• DATA:
*****

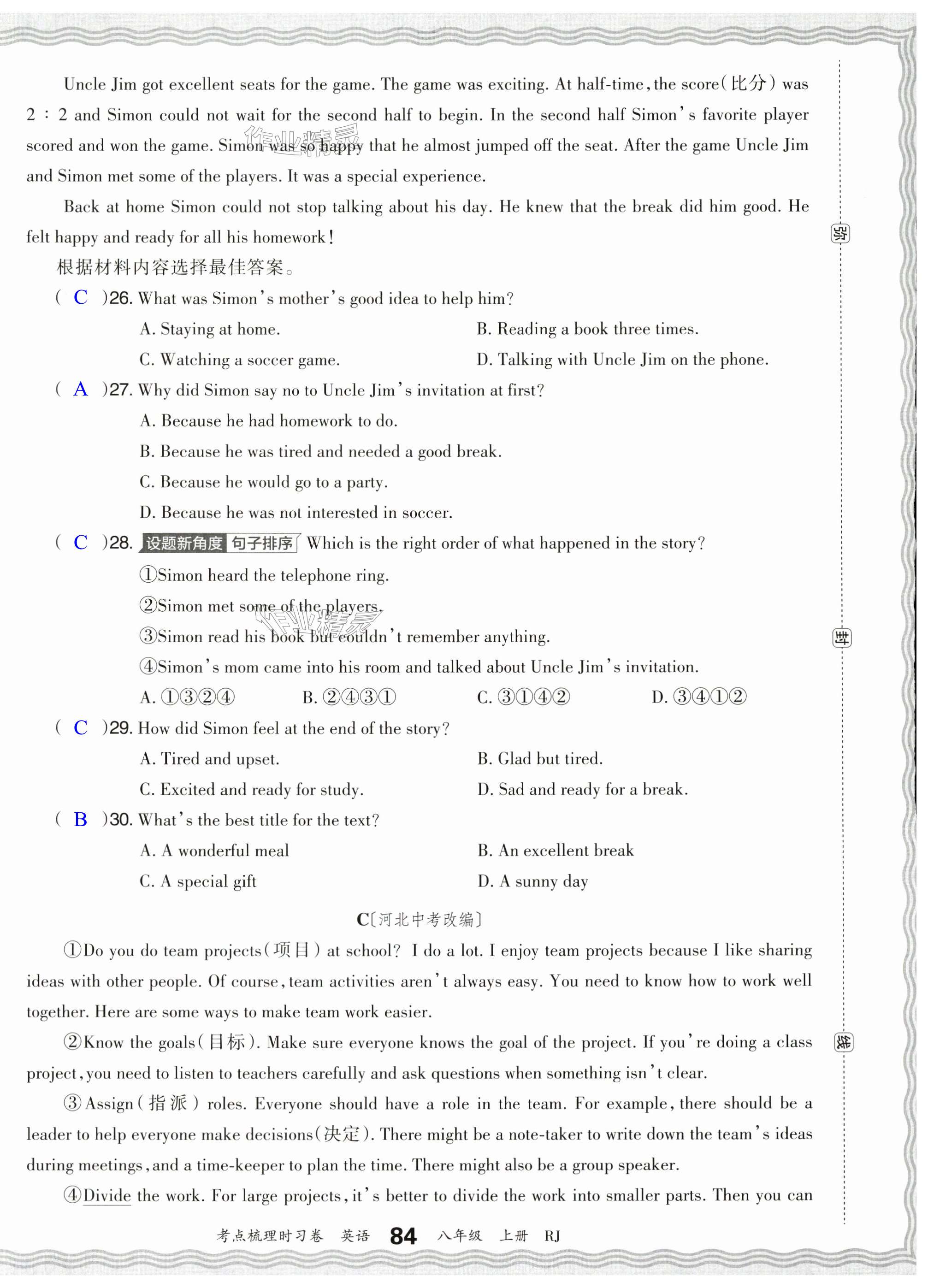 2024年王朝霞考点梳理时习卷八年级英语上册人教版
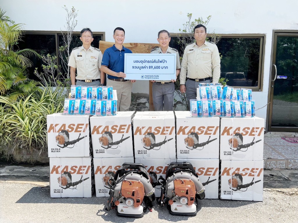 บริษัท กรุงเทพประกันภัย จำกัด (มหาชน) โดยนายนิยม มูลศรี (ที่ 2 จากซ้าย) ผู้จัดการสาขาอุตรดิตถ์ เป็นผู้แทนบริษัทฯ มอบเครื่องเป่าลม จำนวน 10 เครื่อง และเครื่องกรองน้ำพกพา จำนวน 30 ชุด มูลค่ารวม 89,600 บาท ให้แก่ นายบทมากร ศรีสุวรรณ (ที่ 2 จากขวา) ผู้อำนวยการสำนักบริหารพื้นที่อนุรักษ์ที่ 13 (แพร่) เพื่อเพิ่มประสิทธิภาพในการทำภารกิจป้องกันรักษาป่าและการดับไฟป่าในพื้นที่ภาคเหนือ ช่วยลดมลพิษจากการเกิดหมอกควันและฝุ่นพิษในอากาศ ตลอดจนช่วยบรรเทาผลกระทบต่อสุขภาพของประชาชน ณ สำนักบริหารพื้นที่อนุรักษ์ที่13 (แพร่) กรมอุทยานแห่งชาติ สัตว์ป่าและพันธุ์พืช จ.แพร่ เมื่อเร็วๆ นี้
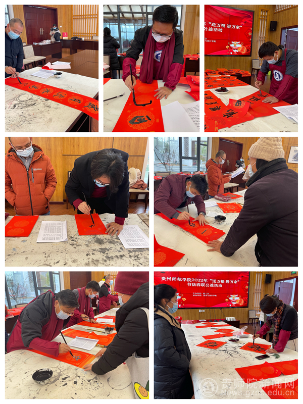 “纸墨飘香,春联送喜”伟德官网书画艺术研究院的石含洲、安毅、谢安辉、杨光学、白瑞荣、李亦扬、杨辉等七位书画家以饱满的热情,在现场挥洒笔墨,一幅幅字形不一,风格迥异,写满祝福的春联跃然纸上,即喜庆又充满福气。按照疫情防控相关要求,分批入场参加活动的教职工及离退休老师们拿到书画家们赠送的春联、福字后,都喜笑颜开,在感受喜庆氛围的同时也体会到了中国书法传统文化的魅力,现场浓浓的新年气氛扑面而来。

*****

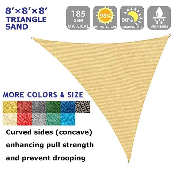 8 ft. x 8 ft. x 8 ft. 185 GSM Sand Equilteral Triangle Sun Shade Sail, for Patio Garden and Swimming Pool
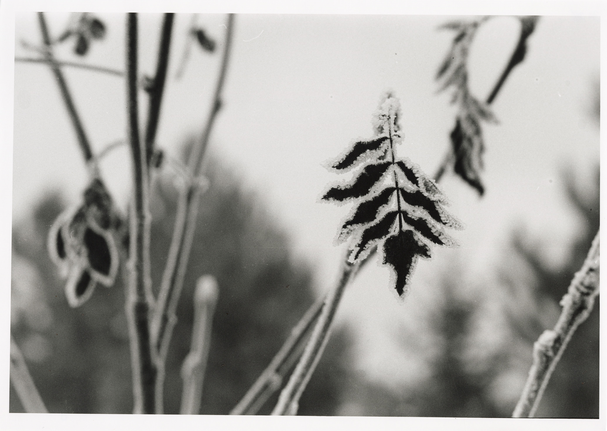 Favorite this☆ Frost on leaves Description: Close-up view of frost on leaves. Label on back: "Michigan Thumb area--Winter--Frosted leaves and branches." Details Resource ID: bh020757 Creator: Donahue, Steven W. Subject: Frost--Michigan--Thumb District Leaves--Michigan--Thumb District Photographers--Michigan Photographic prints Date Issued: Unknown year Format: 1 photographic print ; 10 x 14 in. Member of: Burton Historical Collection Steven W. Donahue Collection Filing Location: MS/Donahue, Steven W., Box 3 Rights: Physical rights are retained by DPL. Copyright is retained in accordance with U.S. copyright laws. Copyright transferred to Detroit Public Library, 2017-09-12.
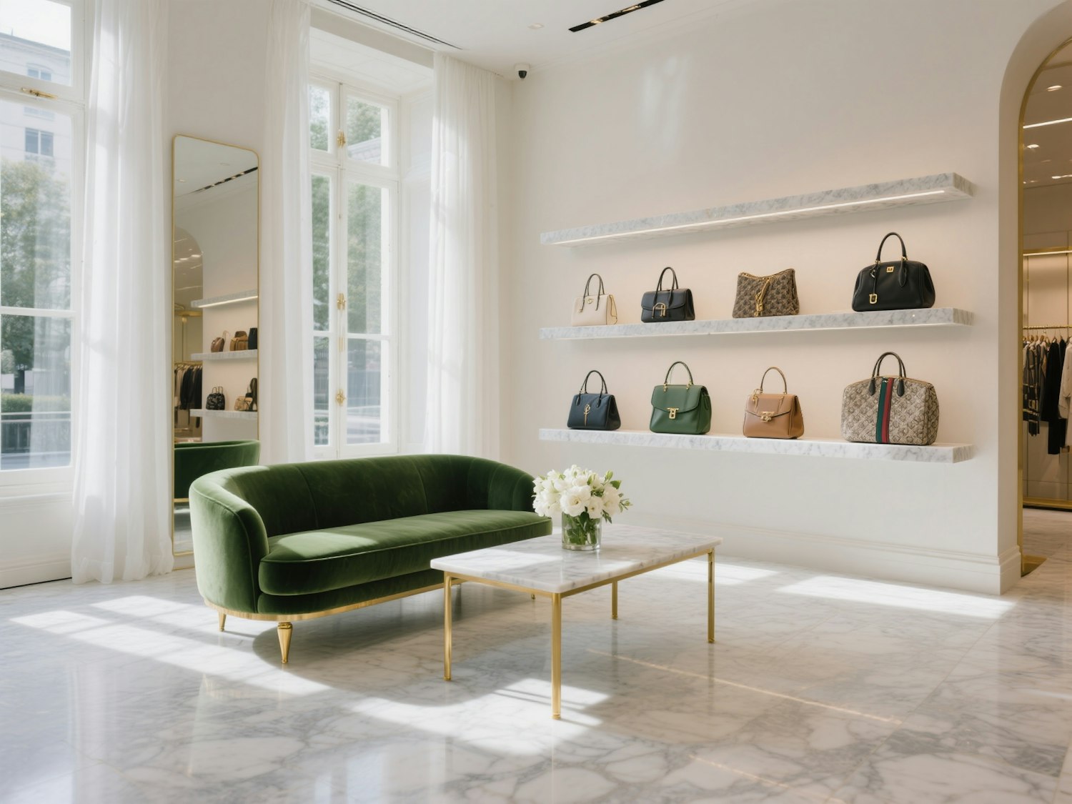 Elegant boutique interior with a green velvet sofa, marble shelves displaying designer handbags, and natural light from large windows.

*****

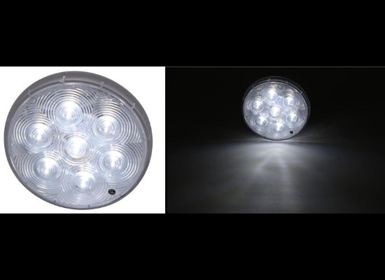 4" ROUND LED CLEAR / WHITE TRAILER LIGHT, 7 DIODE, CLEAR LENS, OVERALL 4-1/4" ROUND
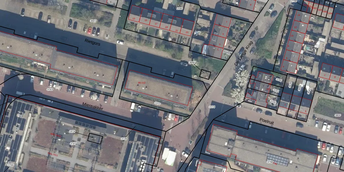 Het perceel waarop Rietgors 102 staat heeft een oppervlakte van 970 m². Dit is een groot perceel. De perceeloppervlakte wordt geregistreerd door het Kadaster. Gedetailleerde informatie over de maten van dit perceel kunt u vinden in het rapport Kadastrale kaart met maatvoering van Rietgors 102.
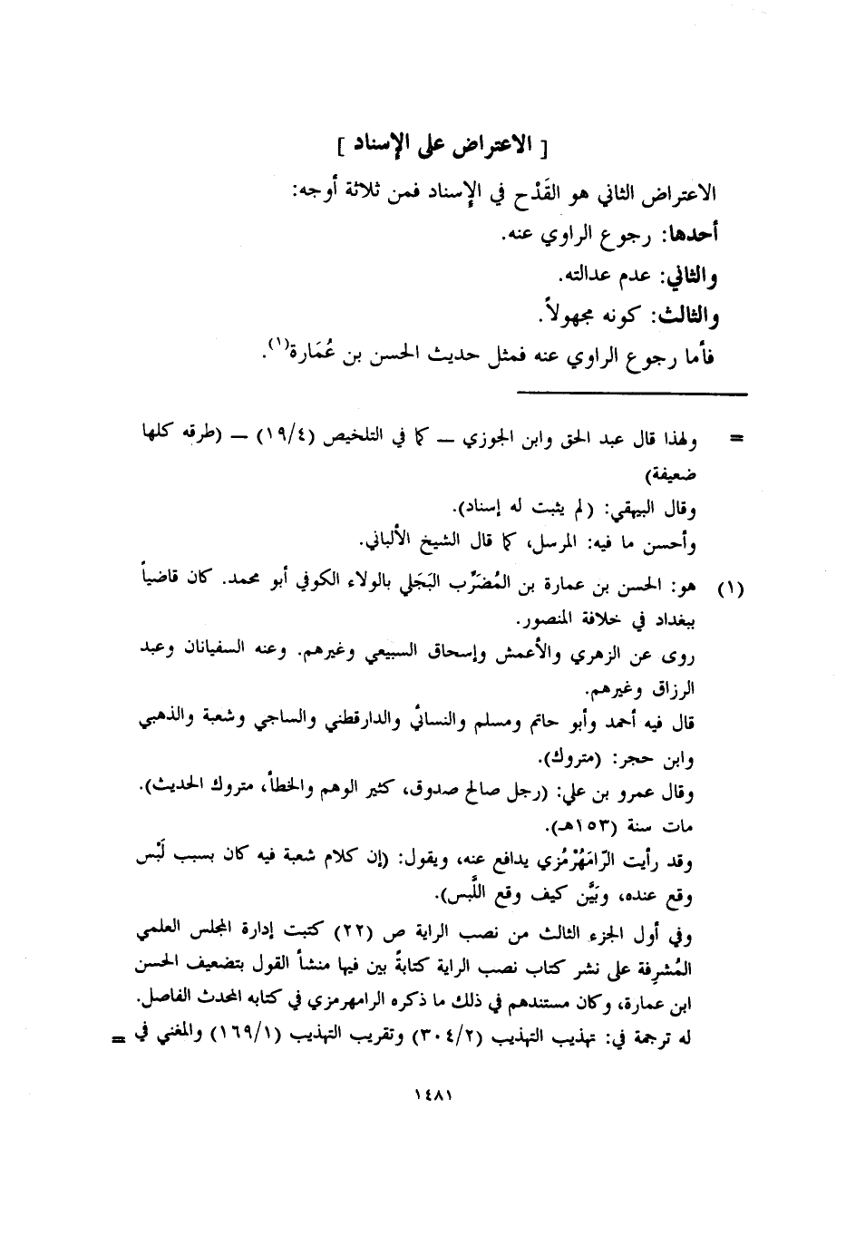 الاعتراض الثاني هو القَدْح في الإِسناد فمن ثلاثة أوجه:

*****

• PROBLEM TO SOLVE:
The lines to set down run from the line with "ROUND LED CLEAR" up to and including the line with "الاعتراض الثاني هو" in the entries above. Reproduce them exactly, with no pictures.

• ANSWER BOX:
 4" ROUND LED CLEAR / WHITE TRAILER LIGHT, 7 DIODE, CLEAR LENS, OVERALL 4-1/4" ROUND
 Het perceel waarop Rietgors 102 staat heeft een oppervlakte van 970 m². Dit is een groot perceel. De perceeloppervlakte wordt geregistreerd door het Kadaster. Gedetailleerde informatie over de maten van dit perceel kunt u vinden in het rapport Kadastrale kaart met maatvoering van Rietgors 102.
 الاعتراض الثاني هو القَدْح في الإِسناد فمن ثلاثة أوجه:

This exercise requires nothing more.